Aangezien The Beatles volgens hun contract nog een film moeten maken, stelt de actieve en ijverige Paul McCartney voor om de repetities voor een nieuw concert door camera’s en bandrecorders te laten registreren, zodat alle fans er getuige van kunnen zijn hoe The Beatles terugkeren naar het podium: ‘Get Back’. Begin januari starten (voor het eerst zonder producer George Martin) de opnamen in de grote en kille Twickenham Filmstudio’s en de fans zijn er inderdaad getuige van... hoe de groep uit elkaar spat! Spanningen en ruzies (tussen George Harrison en Paul McCartney) tonen schaamteloos hoever de jongens van elkaar af zijn komen te staan en dat niemand in staat is de orde te bewaken. Met de terugkeer in de Apple-platenstudio en de muzikale en mentale steun van toetsenist Billy Preston gaat het wat beter en komt het zelfs toch nog tot een optreden: het rooftop concert van 30 januari 1969 op het dak van het Apple-gebouw in Londen. De elpee ‘Get Back’ komt niet uit en The Beatles gaan hun eigen weg: Ringo speelt zijn eerste hoofdrol in de film ‘The Magic Christian’ met Peter Sellers; Paul trouwt op 12 maart met de Amerikaanse fotografe Linda Eastman; John en Yoko trouwen op 20 maart in Gibraltar en houden vanaf 26 maart tijdens hun huwelijksreis in het Hilton hotel in Amsterdam hun ‘Bed Peace’-actie: ze liggen een hele week in bed als vredesdemonstratie. Maar de Beatles-muziek blijft scoren en de single ‘Get Back’ die in april verschijnt wordt weer een nummer 1-hit. John heeft over zijn huwelijk een song geschreven en die samen met Paul (Ringo was bezig met filmopnamen, George was op vakantie) opgenomen: ‘Ballad of John and Yoko’, een zomerhit voor The Beatles.

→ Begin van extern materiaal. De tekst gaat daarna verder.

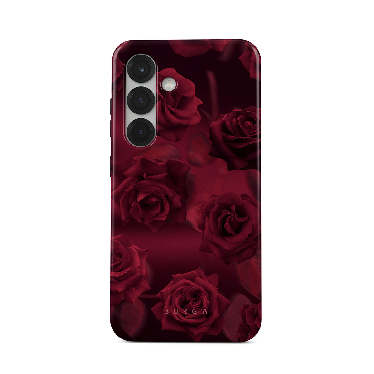 Dive into our intriguing Femme Fatale Samsung Galaxy S25 phone case design. These deep red roses aren't just flowers—they're silent confessions of candlelit romance and moments caught in stolen glances. Crafted for those who captivate at every turn.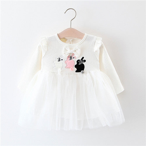 Your little bub will love the three bunnies lined up for an Easter egg hunt on this beautiful party dress. Featuring three printed rabbits with a revel waist design, and a keyhole button enclosure. The swing silhouette is a perfect example of sweet, edgy and sophisticated dress, allowing your gorgeous bub to be the little princess that she is.

Zelf scoort John diezelfde zomer met de Plastic Ono Band een eigen hit: ‘Give peace a chance’, opgenomen tijdens een Bed-In in Montreal, Canada. In het najaar duiken in Amerika voor het eerst geruchten op dat Paul McCartney dood zou zijn: drie jaar eerder zou hij bij een auto-ongeluk om het leven zijn gekomen. The Beatles zelf leggen alle geschillen van de ‘Get Back’-sessies bij en willen nog één wereldplaat afleveren. Die komt eind september uit: ‘Abbey Road’. Hierop ook ‘Something’ van George Harrison, die hiermee de kroon op zijn Beatleswerk geplaatst ziet, want het is ‘zijn’ eerste en tevens laatste Beatlessingle. Kant 2 bevat een medley van onafgemaakte songs die aan elkaar zijn geregen. De plaat eindigt heel veelzeggend met ‘The End’, dat ook daadwerkelijk het laatste nummer is dat The Beatles samen hebben opgenomen. John Lennon kondigt intern aan uit de groep te willen stappen, maar het nieuws wordt stilgehouden. Na een promotionele fotosessie in september 1969 worden de leden echter niet meer samen gezien.